Robert Martin (Cherokee), president of the Institute of American Indian Arts, said, “We welcome this opportunity to partner with NBCU Academy to increase Indigenous storytelling in mainstream journalism. Storytelling is an integral part of Indigenous communities but is often missing in media or clichéd when told by non-Indigenous journalists. This collaboration will benefit IAIA students by providing access to scholarships, internships, equipment, courses, and NBC mentors with real-word experience in the field.”

NBCU News Group chairman Cesar Conde (pictured above), said, “Creating an inclusive culture for journalism that represents the communities we serve is at the very core of what we do.”

Conde, previously chairman of NBCUniversal Telemundo Enterprises, was moved atop the entire news division in a broader NBCU management shakeup in May.  In July, he set a goal of having a 50 percent diverse work force across his division and “announced a multi-year $100 million commitment to help address systemic racism and inequality,” a news release said. “NBCU Academy is part of that pledge. . . .”

Janice Johnston Named EP of ABC’s ’20/20′

Janice Johnston (pictured) has been promoted to executive producer for “20/20,” the network’s chief newsmagazine, ABC News President James Goldston announced on Thursday.
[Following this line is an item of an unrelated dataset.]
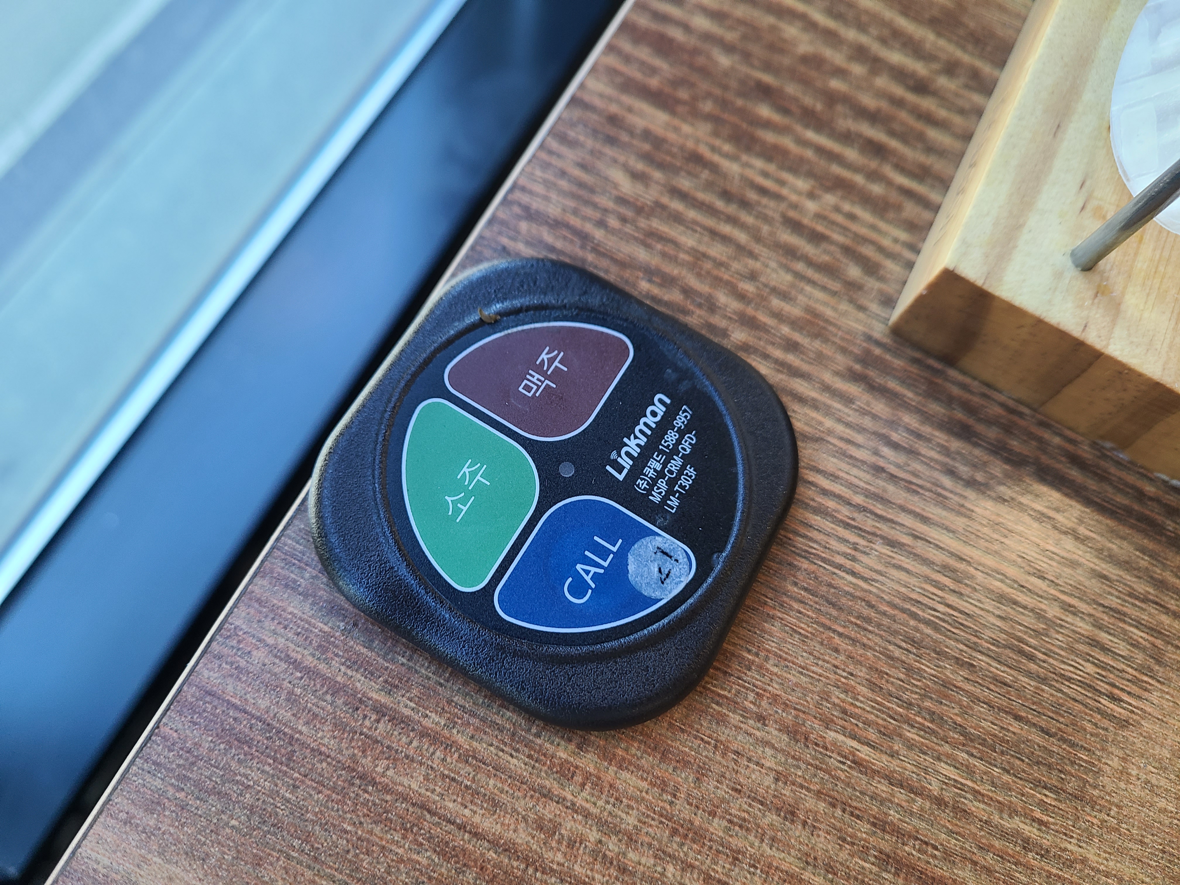 10. 종업원 호출키가 좀 특이해서 찍어봤어요. 아..여기 병맥주가 6천원이에요. 아무래도 무한이다보니 술값이 좀 비쌉니다. 소주, 막걸리는 5천원이에요.

Johnston is the first woman and the first African American in the job.

“It’s not often we have the opportunity to announce a new EP for 20/20. Janice is only the fourth person to lead this fantastic team in nearly 43 years,” Goldston wrote to the staff. “She is a terrific journalist with an impressive talent for telling stories that resonate and an exceptional leader.

“As a senior producer for 20/20, she’s been at the helm of critical programming in the last year, including our two-hour broadcast on Vanessa Guillen and three breaking news specials on the COVID-19 pandemic. Janice also led two-hour 20/20 events on John Lennon’s life, legacy and last days, the Yosemite Serial Killer and Robin Roberts’ interviews with three women kidnapped and held captive in Cleveland for a decade.
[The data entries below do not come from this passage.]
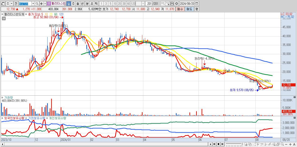 - 퀄리타스반도체 (12,730원 ▲ 11.08% , 시총: 1,734억, 거래량: 403,084, 거래대금:50억)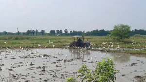 சேற்று உழவு மேற்கொள்ளும் வயல்வெளிகளில் உள்ள சிறு பூச்சிகளை உண்பதற்காக வெண்ணரைகள் பெருமளவில் குவிந்துள்ளன.
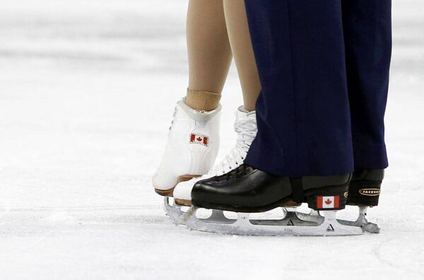 Canadian flags are seen on the figure skates in this file photo.LUCY NICHOLSON/Reuters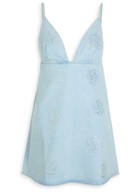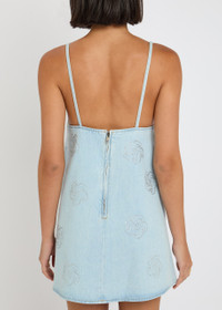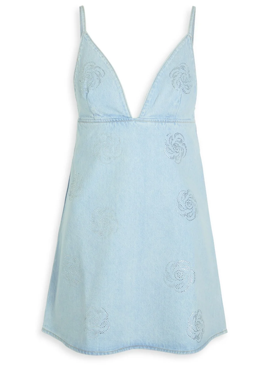 Info & Care ROTATE Birger Christensen denim dress Floral crystal embellishments, low V-neck, darts at bust, designer-engraved hardware, faded finish Zip fastening at back 100%;cotton Machine wash inside out to avoid colour transfer; Size & Fit Length shoulder to hem: 31 inches/ 77.5cm Midweight A-line cut,;close fit at bust Model is 5'9"/ 175cm and wears a size;FR36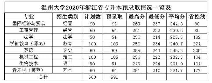 恭学网校|浙江升本院校:温州大学2020年专升本分数线
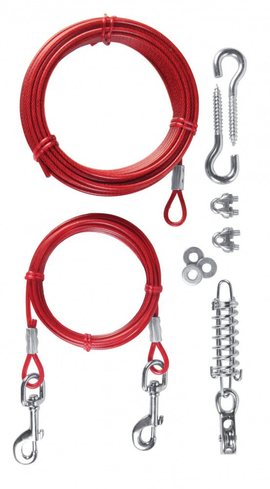 Stalowa linka w plastikowej osłonie wodoodpornej. Posiada sprężynę amortyzującą gwałtowne szarpnięcia. Zabezpiecza w ten sposób psa przed urazami i daje mu dużo swobody.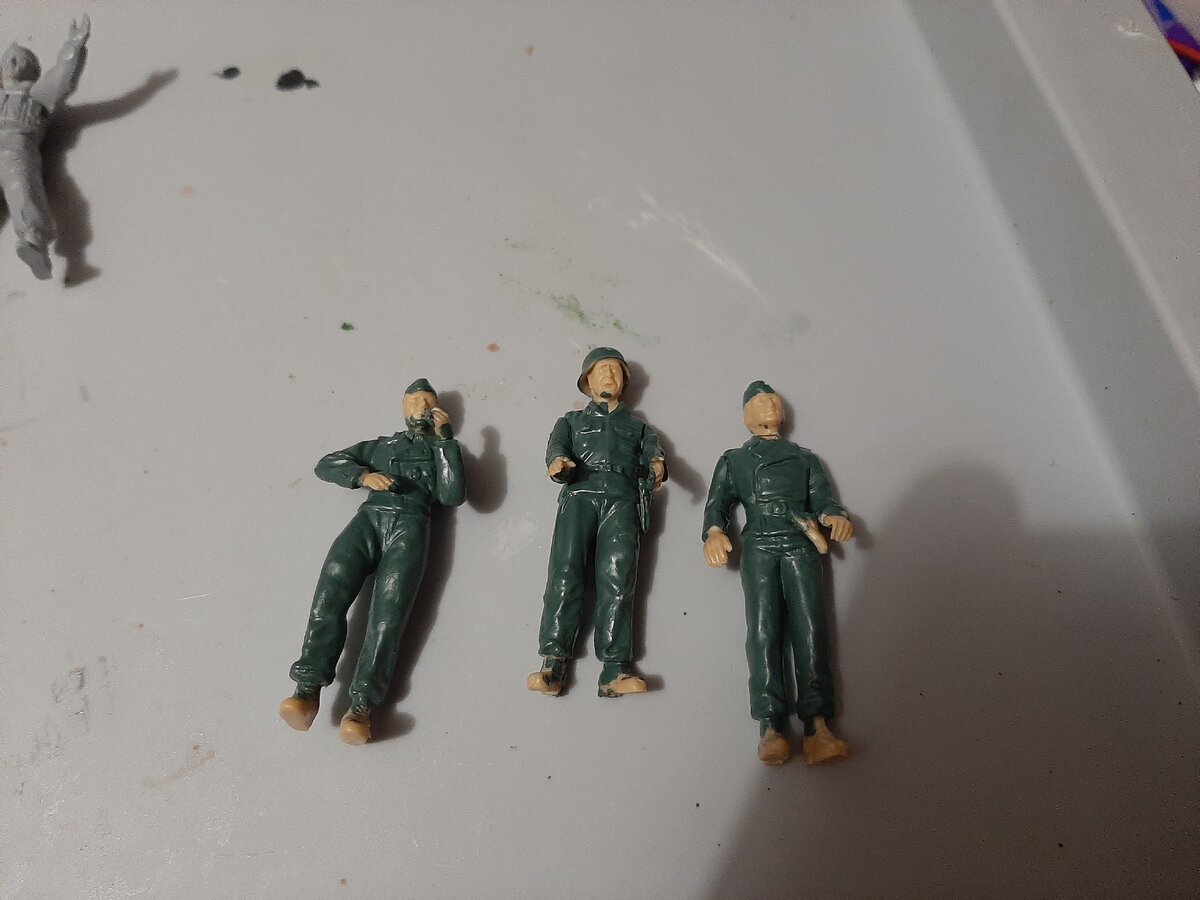 Всем привет сегодня занимаюсь покраской солдат, германские войска первые пошли на опыт, за основу взял краску "полевой серый". Косяки конечно есть, задел немного голову и прочее, потом надеюсь уберу косяки. Перехожу к солдатам СССР.

“In [a] brilliant 22-year career at ABC News, Janice has seniored, produced and directed dozens of primetime specials, including our Emmy-winning town hall The President and The People, Highwire Over Niagara Falls: LIVE, the CMA Awards In the Spotlight series, and entertainment documentaries on Dolly Parton, Bobby Brown, Luke Bryan and more. She’s overseen productions on location all over the world, from Hawaiian volcanoes and Mount Kenya to Taylor Swift’s house and the White House. . . .”

Lawrence Jackson explains the techniques he used to document President Obama’s White House tenure at the Journal-isms Roundtable holiday party at the Newseum in 2019. (Credit: Sharon Farmer/sfphotoworks)
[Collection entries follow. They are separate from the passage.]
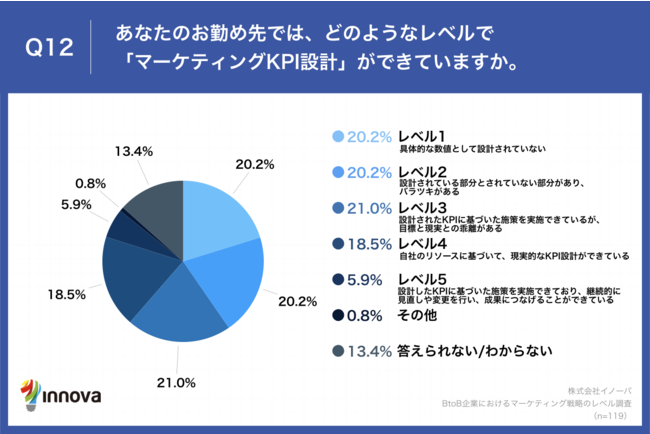 「Q12.あなたのお勤め先では、どのようなレベルで「マーケティングKPI設計」ができていますか。」(n=119)と質問したところ、「レベル1|具体的な数値として設計されていない」が20.2%、「レベル2|設計されている部分とされていない部分があり、バラツキがある」が20.2%という回答となりました。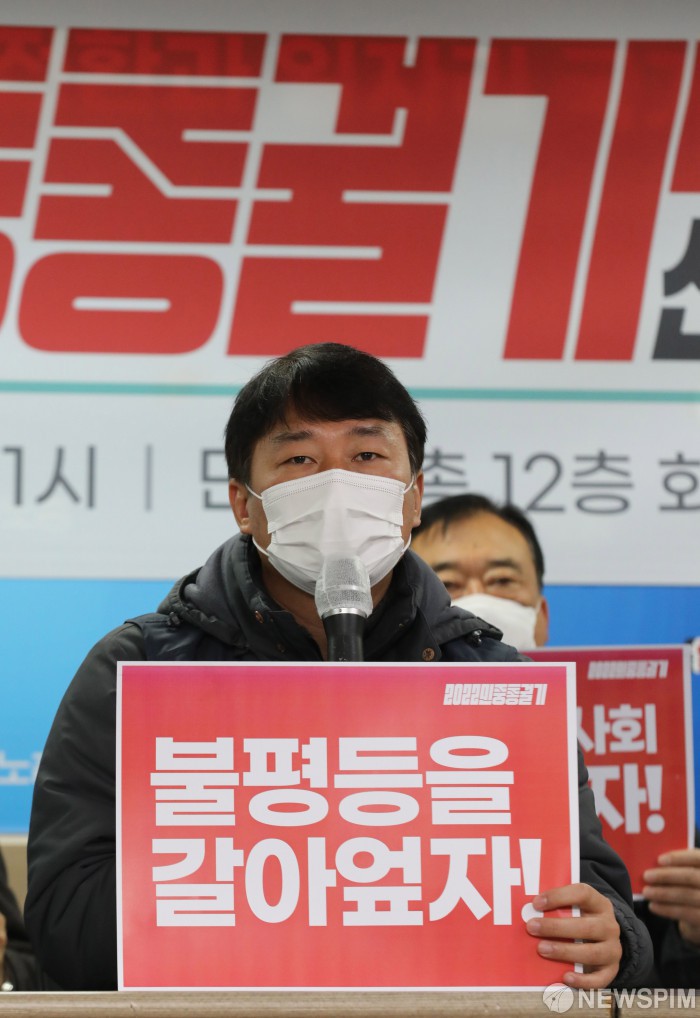 [서울=뉴스핌] 황준선 인턴기자 = 양경수 전국민주노동조합총연맹 위원장이 4일 오전 서울 중구 전국민주노동조합총연맹에서 열린 2022 민중총궐기 선언 기자회견에서 발언하고 있다. 2022.01.04 hwang@newspim.com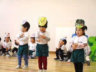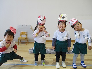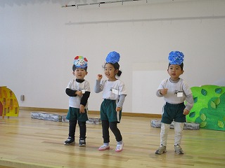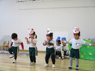 とってもニコニコで、三匹のこぶたのお話の流れに合わせて、振り付けをしていましたよ(^^♪

Black Photographer to Record Harris’ Tenure

Lawrence Jackson, the only African American photographer in the Barack Obama White House, has been chosen as Vice President-elect Kamala Harris’ official photographer, Alex Weprin reported Friday for the Hollywood Reporter.

He will thus have documented the tenure of the first African American president and the first African American and Asian American vice president.

Jackson produced a book of his White House photographs, “Yes We Did,” in 2019. Obama wrote the foreword, saying that as Black men, the two had much in common.

“He and I had similar upbringings as black men in America, each of us raised by an extraordinary single mom, both of us knowing what it’s like, at times, to feel as if we might not belong. Many of his photos are informed by that sensibility . . . “

Since the Obama years, Jackson has freelanced, including stints as campaign photographers for Pete Buttigieg and Elizabeth Warren. He told Journal-isms by telephone Monday that he was instructed not to talk with the news media without permission.

TJ Ducklo, who had been press secretary for the campaign, will be the deputy press secretary in the White House; former Obama White House communications director Jen Psaki will be press secretary,” Weprin wrote. “Ducklo joined the campaign from MSNBC, where he worked in its press shop.”

Adam Schultz will be the chief official White House photographer, after serving as the campaign’s official photographer. Drew Heskett will be the presidential videographer. . . .”

Jackson was a staff photographer for the Associated Press in Boston and Washington from 2000 to 2009, and worked at the Virginian-Pilot in Norfolk from 1991 to 2000. He is also the son-in-law of Sen. Patrick Leahy, D-Vt.

“I’m a D.C. based photographer who covers news, events, editorial, portrait and lifestyle photography,” Jackson wrote on his website.

“My career has taken me from the small town fairs of rural Virginia to meetings in the Oval Office of the White House and beyond. I love that photography has the power to inform, inspire and evoke emotion — sometimes all three things happen in one picture.”

Meanwhile, it remained unclear whether Biden would follow recent Democratic presidents and designate communications people to assure access for media and journalists of color — called “specialty media.” Under Obama, Shin Inouye, director of specialty media, also managed media relations with veterans, LGBT people and youth.

Ramzey L. Smith, African American media director at Biden for President, was not responsive when asked what the Biden administration planned.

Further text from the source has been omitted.